July 21, 2008 at 9:40 am
Hi,
I have a table (Cleansing.Customers) which contains AccountNum, DM_Source_Id columns (both form part of a key) and an Address column.
There may be several occurences of AccountNum each with a different DM_Source_Id
I need to return the most frequent occurrence of an Address 'value' for each AccountNum.
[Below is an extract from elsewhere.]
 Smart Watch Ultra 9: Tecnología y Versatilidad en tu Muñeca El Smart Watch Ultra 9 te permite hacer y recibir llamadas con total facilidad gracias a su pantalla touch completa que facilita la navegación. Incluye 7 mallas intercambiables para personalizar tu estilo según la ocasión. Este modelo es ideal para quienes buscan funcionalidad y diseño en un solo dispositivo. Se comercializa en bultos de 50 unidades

The 'Address' may change for each DM_Source_Id and I need to represent the most common value (or the first if they are all different).
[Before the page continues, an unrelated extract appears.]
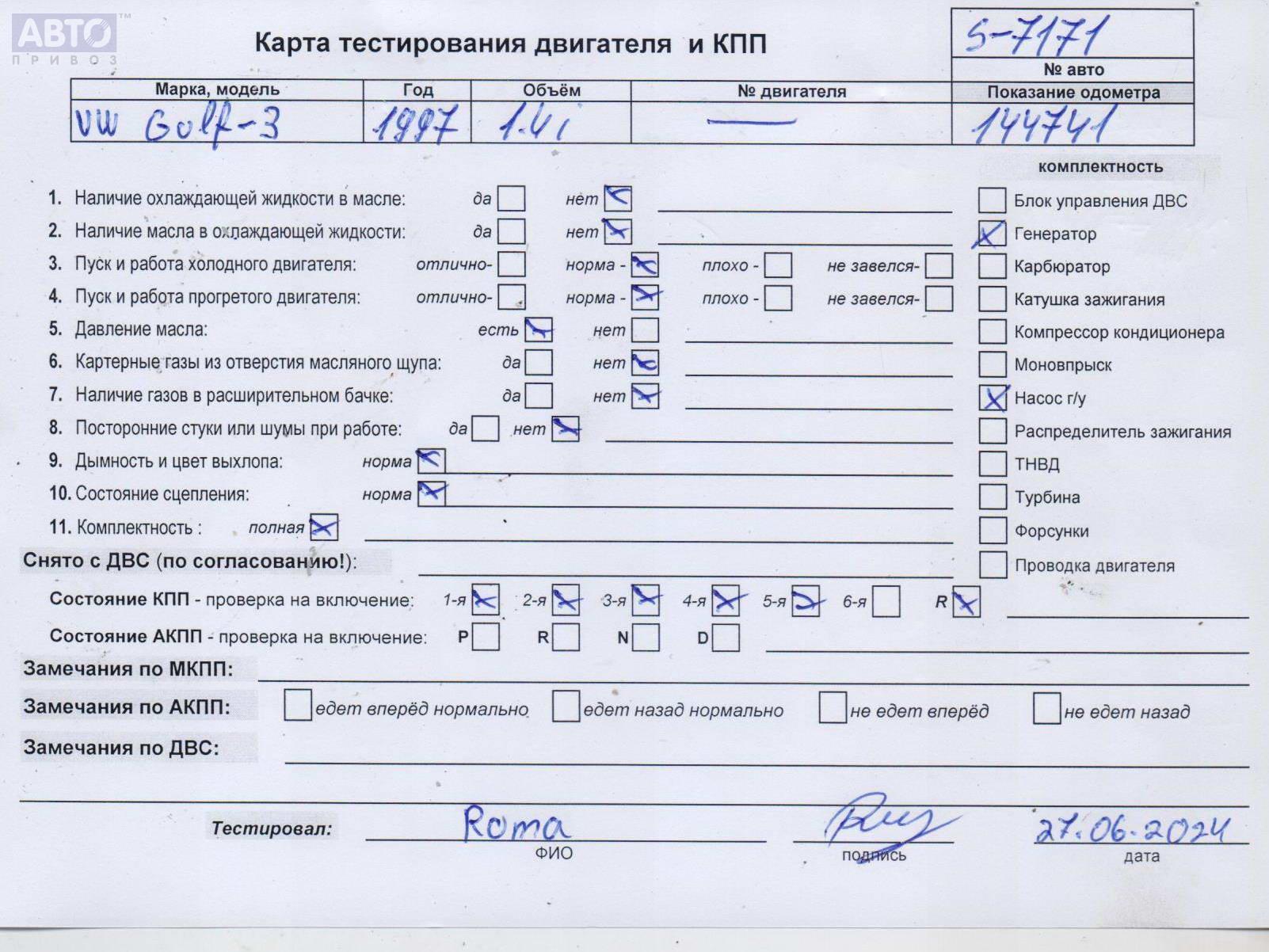 | Марка / Модель / Год: | Volkswagen Golf-3 1997 |

Any ideas how I do this with a non-numeric (nvarchar) field?
Thanks in advance,
Neal
July 21, 2008 at 9:47 am
DO you have sample data for us?
----------------------------------------------
Try to learn something about everything and everything about something. - Thomas Henry Huxley
:w00t:
Posting Best Practices[/url]
Numbers / Tally Tables[/url]
July 21, 2008 at 9:58 am
Ok I thought I might have a look at this with my own data.
Would this work for you?
SELECT DISTINCT [AccountNum],[Address]
FROM
(SELECT
RANK() OVER (PARTITION BY [AccountNum] ORDER BY [Address]) as [Rank]
,[AccountNum]
,[Address]
FROM Cleansing.Customers) nest
WHERE [Rank] = 1
It sounds like a ranking problem so this should head you in the correct direction.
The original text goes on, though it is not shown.